## Work instructions
A faithful copy is required. Print each line of the data exactly and omit the pictures.

## Given material
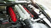 Polished 18″ front and 19″ rear wheels are mounted with staggered-width Michelin Pilot Sport tires. The car rides on fully independent suspension, and braking is from 14″ rotors with red four-piston calipers at each corner.
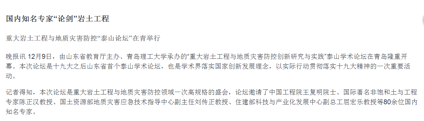 晚报讯 12月9日,由山东省教育厅主办、伟德国际1946bv官网承办的“重大岩土工程与地质灾害防控创新研究与实践”泰山学术论坛在青岛隆重开幕。本次论坛是十九大之后山东省首个泰山学术论坛,也是学术界落实国家创新发展理念,以实际行动贯彻落实十九大精神的一次重要活动。
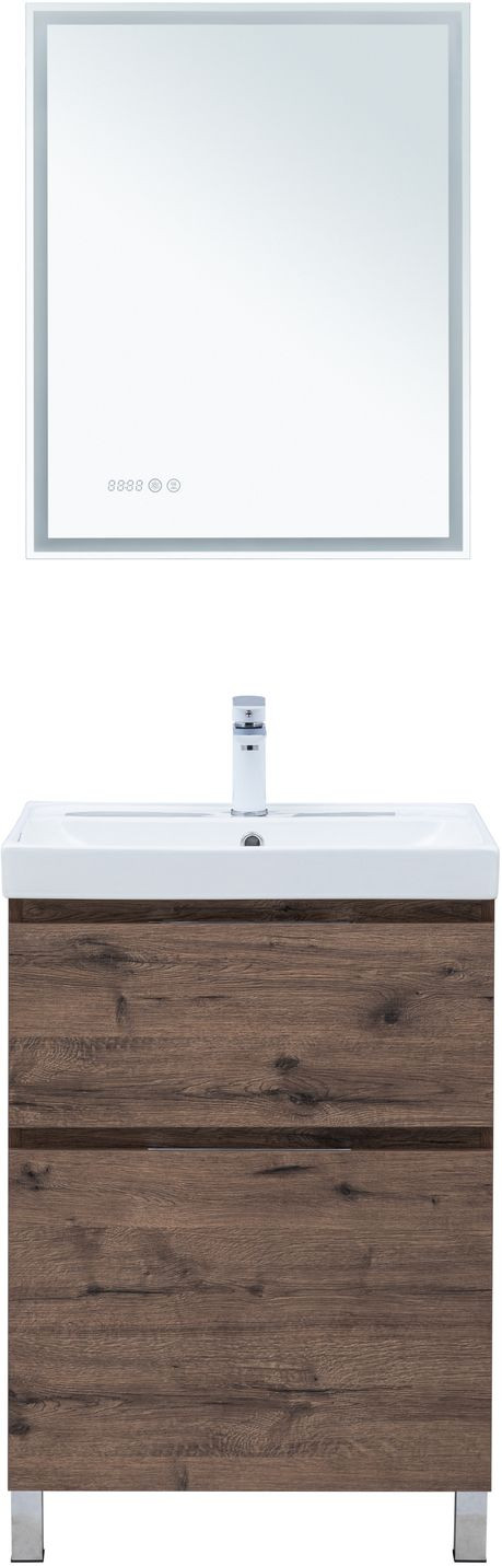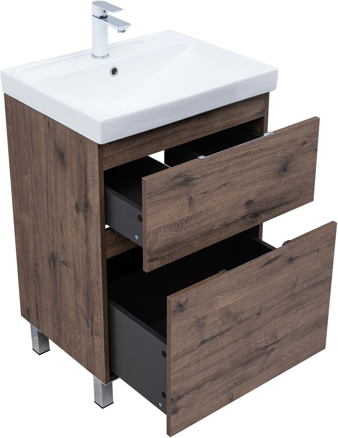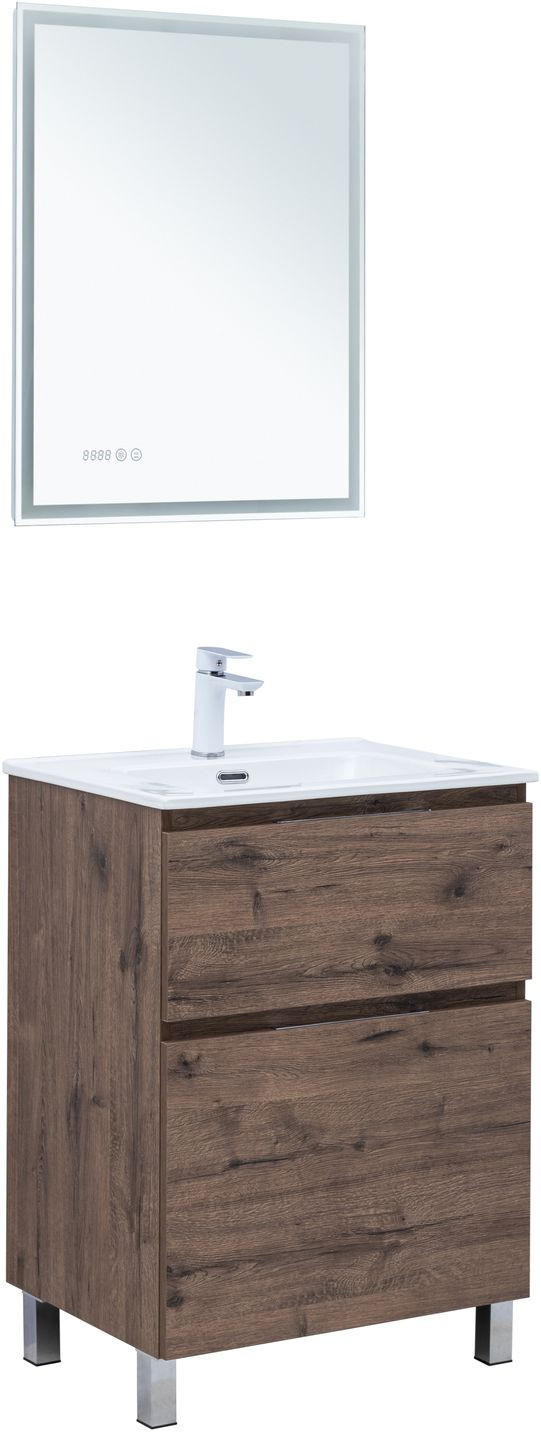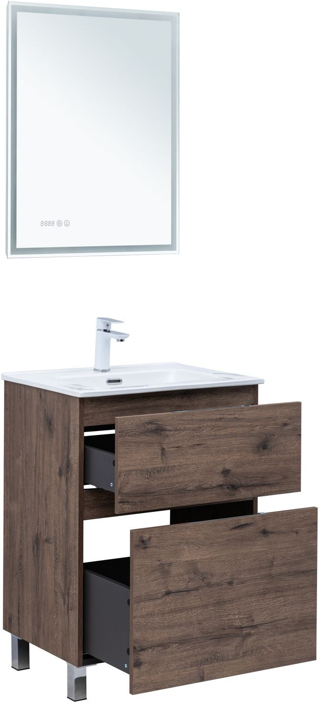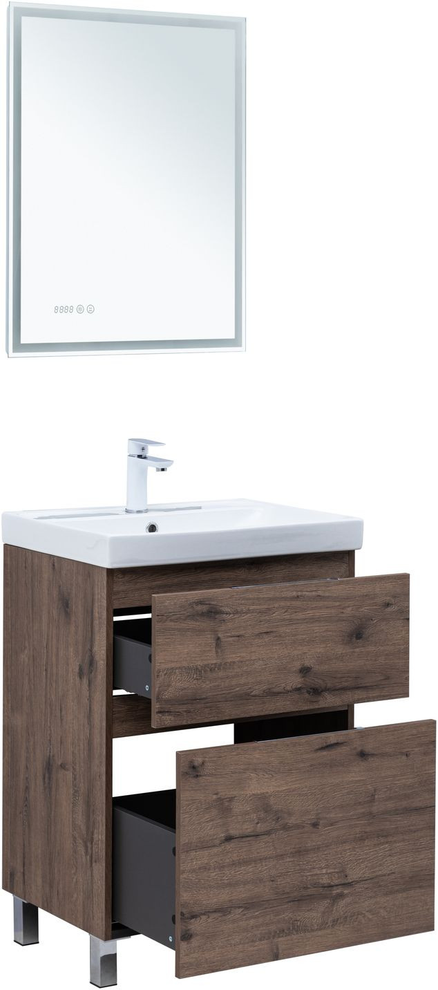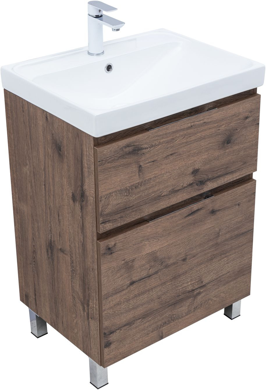 Тумба с раковиной Aquanet Алвита new 60 (Flat) напольная 2 ящ. цв.дуб веллингтон табак
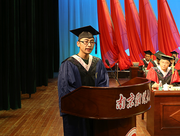 毕业研究生代表、保险专业2013级研究生虞鹏飞同学发言 党委宣传部供图

## Worked solution
 Polished 18″ front and 19″ rear wheels are mounted with staggered-width Michelin Pilot Sport tires. The car rides on fully independent suspension, and braking is from 14″ rotors with red four-piston calipers at each corner.
 晚报讯 12月9日,由山东省教育厅主办、伟德国际1946bv官网承办的“重大岩土工程与地质灾害防控创新研究与实践”泰山学术论坛在青岛隆重开幕。本次论坛是十九大之后山东省首个泰山学术论坛,也是学术界落实国家创新发展理念,以实际行动贯彻落实十九大精神的一次重要活动。
 Тумба с раковиной Aquanet Алвита new 60 (Flat) напольная 2 ящ. цв.дуб веллингтон табак
 毕业研究生代表、保险专业2013级研究生虞鹏飞同学发言 党委宣传部供图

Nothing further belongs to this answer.